PROBLEM REQUIREMENTS:
Pictures are not part of the copy; retype all the records below exactly.

(Data entries)
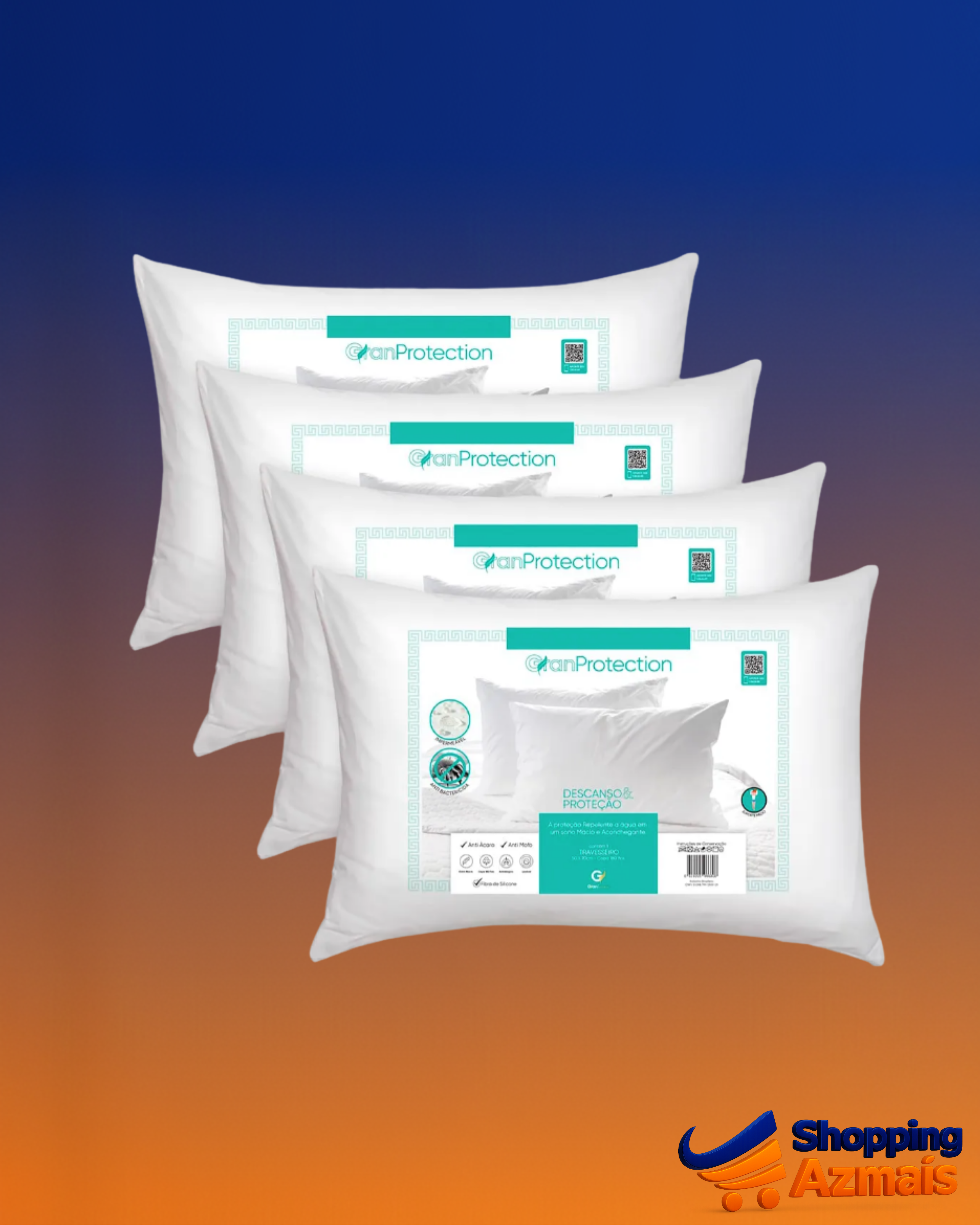 4 Travesseiros Impermeável Antialérgico 50x70 Suporte Medio
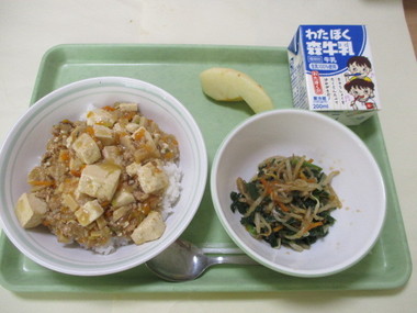 今日の献立 ・麻婆豆腐丼 ・ニラのさっぱりナムル ・りんご ・牛乳 |
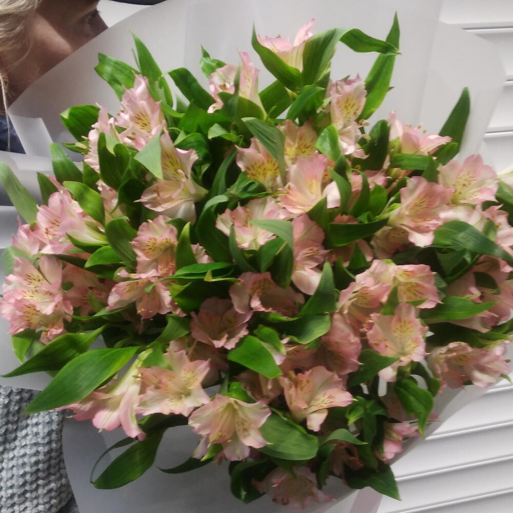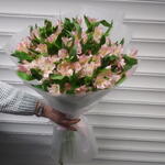 Моно-букет из нежно-розовых альстромерии в дизайнерской упаковке для ваших близких
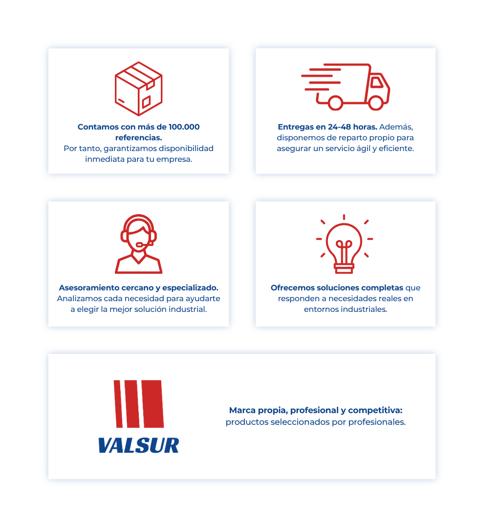 En Grupo Valsur no solo vendemos productos. Somos especialistas en suministros industriales y ofrecemos soluciones pensadas para el día a día de la industria.
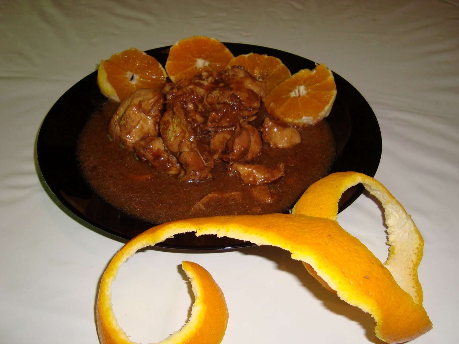 Bajamos los restos de verduras hacia las cuchillas , añadimos el aceite y programamos 10 minutos , 100º, velocidad 1. y añadimos el pollo salpimentado, programamos 60 minutos, 100º , velocidad 1, hay quien le da menos tiempo ,ami me gusta bien echo, cuando hayan pasado 3 minutos añadimos el brandy el vino y el zumo de naranja
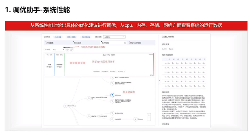 调优助手通过系统化组织和分析性能指标、热点函数、系统配置等信息,形成系统资源消耗链条,引导用户根据优化路径分析性能瓶颈,并针对每条优化路径给出优化建议和操作指导,以此实现快速调优。通过精准分析、全面调优,软硬件整合释放最佳性能。
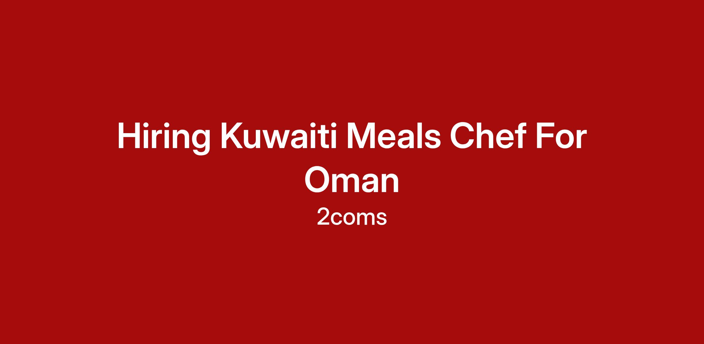 Hiring Kuwaiti Meals Chef For Oman
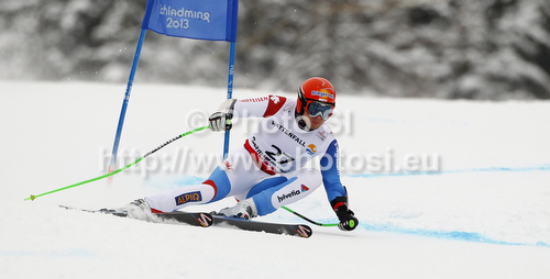 : Patrick Kueng of Switzerland skiing in men Super-g race of FIS Alpine skiing World Championships in Schladming, Austria. Men super-g race of FIS Alpine skiing World championships Schladming 2013, was held in Scladming, Austria, on Wednesday, 6th of February 2013.
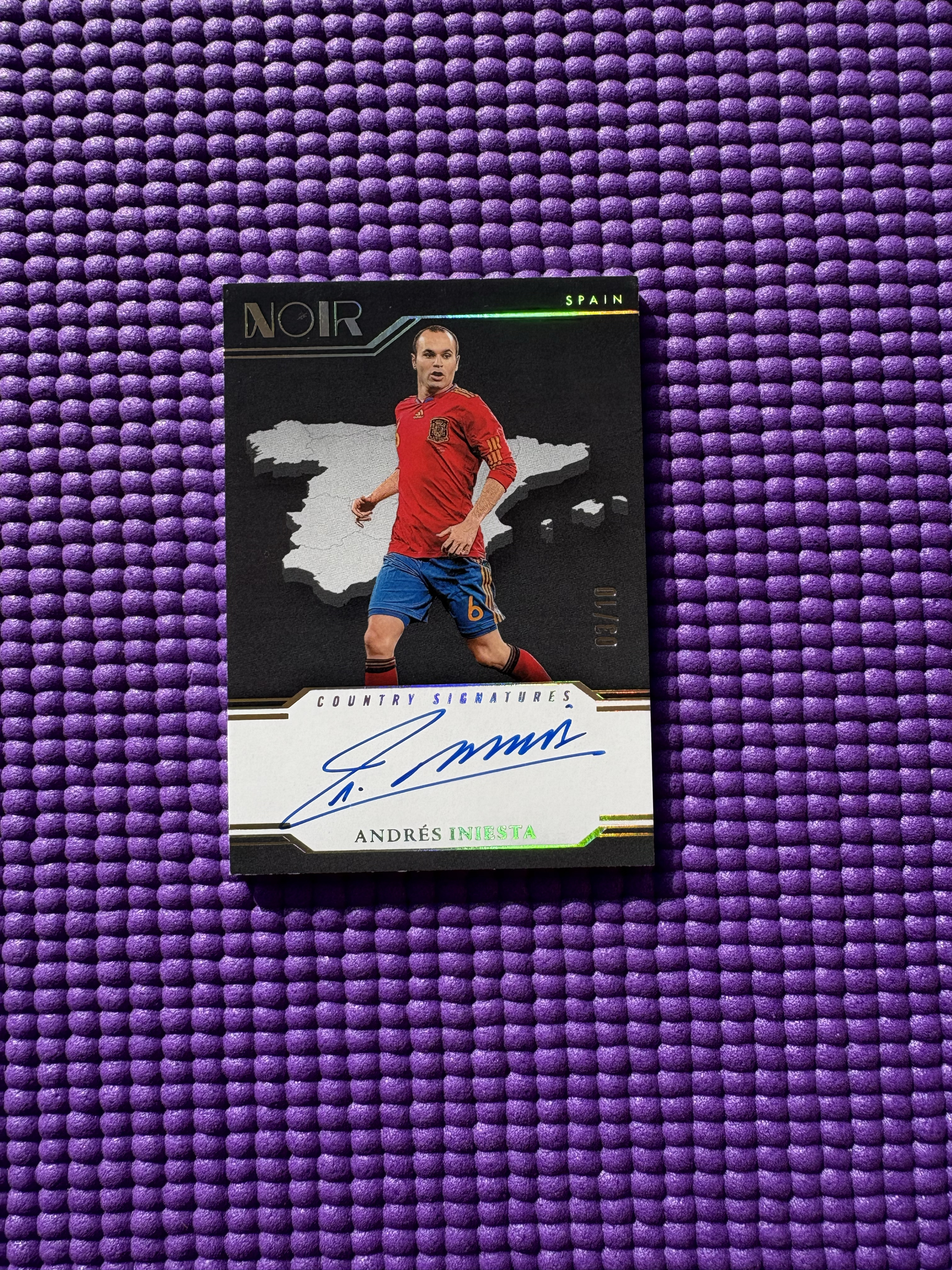 2025-26 Panini Noir Andres Iniesta 西班牙 中场指挥官 小白 伊涅斯塔 10编 金平行 国家签字 完美签 实卡精美 收藏价值高
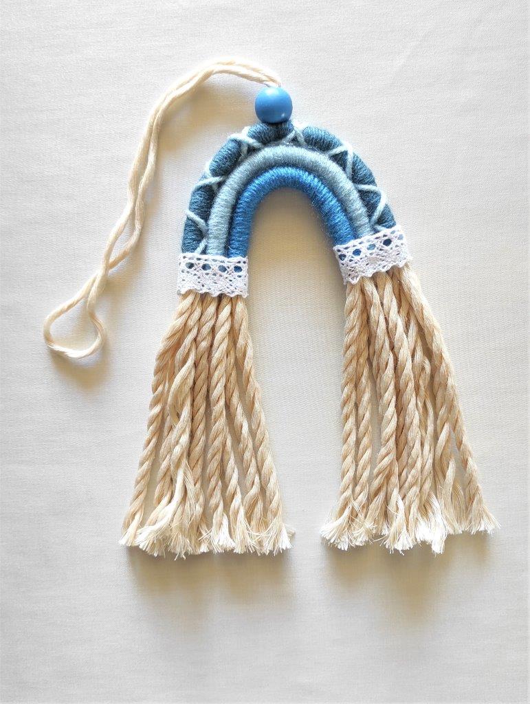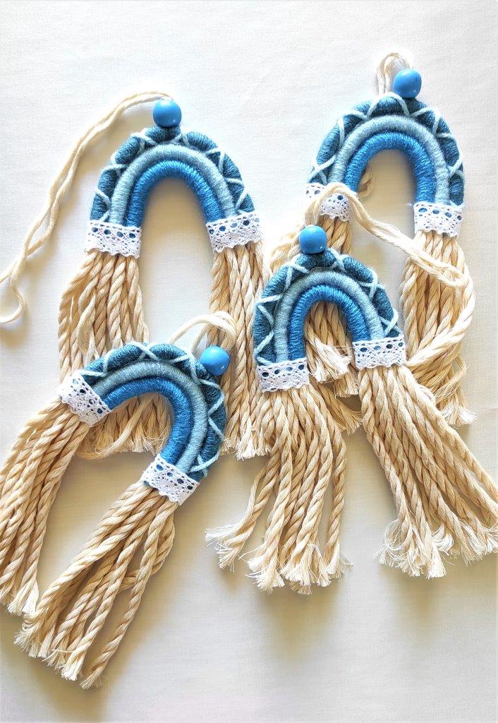 Μοναδικό χειροποίητο μοντέρνο macramé  τοίχου μίνι ουράνιο τόξο. Ιδανική επιλογή τόσο για μπομπονιέρα βάπτισης όσο και για αναμνηστικό γεννήσεως. Πρωτότυπη χειροποίητη ξεχωριστή δημιουργία που μπορεί να διακοσμήσει χαρούμενα τον τοίχο του παιδικού δωμάτιου και όχι μόνο. Μια ιδιαίτερη πρόταση για οικονομικό χειροποίητο παιδικό δώρο. Διατίθεται σε διάφορες αποχρώσεις. Ελάχιστη παραγγελία  25  τεμάχια.  Παρακαλώ επικοινωνήστε μαζί μας για περισσότερες πληροφορίες.
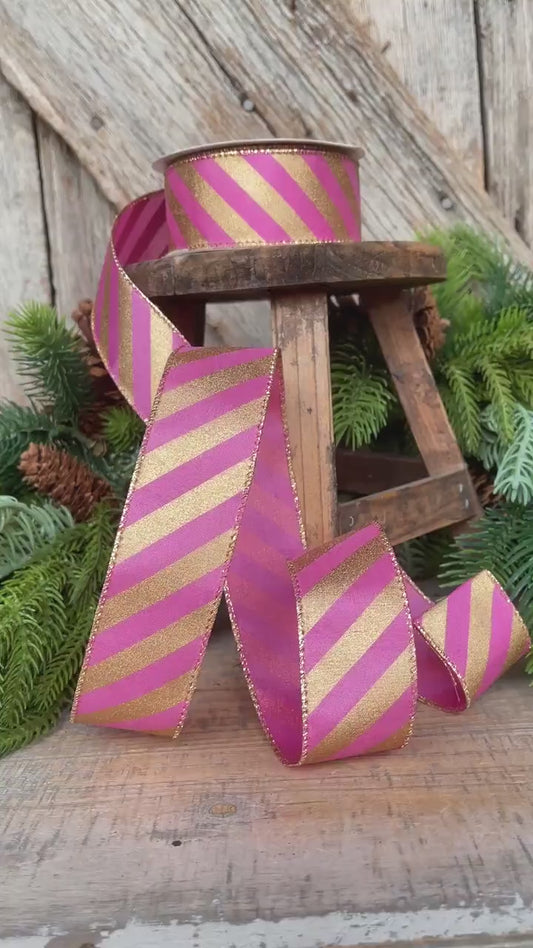 1.5" Pink Gold Ribbon, Pink & Gold Diagonal Stripe Ribbon, CHristmas Ribbon

WRITTEN ANSWER:
 4 Travesseiros Impermeável Antialérgico 50x70 Suporte Medio
 今日の献立 ・麻婆豆腐丼 ・ニラのさっぱりナムル ・りんご ・牛乳 |
 Моно-букет из нежно-розовых альстромерии в дизайнерской упаковке для ваших близких
 En Grupo Valsur no solo vendemos productos. Somos especialistas en suministros industriales y ofrecemos soluciones pensadas para el día a día de la industria.
 Bajamos los restos de verduras hacia las cuchillas , añadimos el aceite y programamos 10 minutos , 100º, velocidad 1. y añadimos el pollo salpimentado, programamos 60 minutos, 100º , velocidad 1, hay quien le da menos tiempo ,ami me gusta bien echo, cuando hayan pasado 3 minutos añadimos el brandy el vino y el zumo de naranja
 调优助手通过系统化组织和分析性能指标、热点函数、系统配置等信息,形成系统资源消耗链条,引导用户根据优化路径分析性能瓶颈,并针对每条优化路径给出优化建议和操作指导,以此实现快速调优。通过精准分析、全面调优,软硬件整合释放最佳性能。
 Hiring Kuwaiti Meals Chef For Oman
 : Patrick Kueng of Switzerland skiing in men Super-g race of FIS Alpine skiing World Championships in Schladming, Austria. Men super-g race of FIS Alpine skiing World championships Schladming 2013, was held in Scladming, Austria, on Wednesday, 6th of February 2013.
 2025-26 Panini Noir Andres Iniesta 西班牙 中场指挥官 小白 伊涅斯塔 10编 金平行 国家签字 完美签 实卡精美 收藏价值高
 Μοναδικό χειροποίητο μοντέρνο macramé  τοίχου μίνι ουράνιο τόξο. Ιδανική επιλογή τόσο για μπομπονιέρα βάπτισης όσο και για αναμνηστικό γεννήσεως. Πρωτότυπη χειροποίητη ξεχωριστή δημιουργία που μπορεί να διακοσμήσει χαρούμενα τον τοίχο του παιδικού δωμάτιου και όχι μόνο. Μια ιδιαίτερη πρόταση για οικονομικό χειροποίητο παιδικό δώρο. Διατίθεται σε διάφορες αποχρώσεις. Ελάχιστη παραγγελία  25  τεμάχια.  Παρακαλώ επικοινωνήστε μαζί μας για περισσότερες πληροφορίες.
 1.5" Pink Gold Ribbon, Pink & Gold Diagonal Stripe Ribbon, CHristmas Ribbon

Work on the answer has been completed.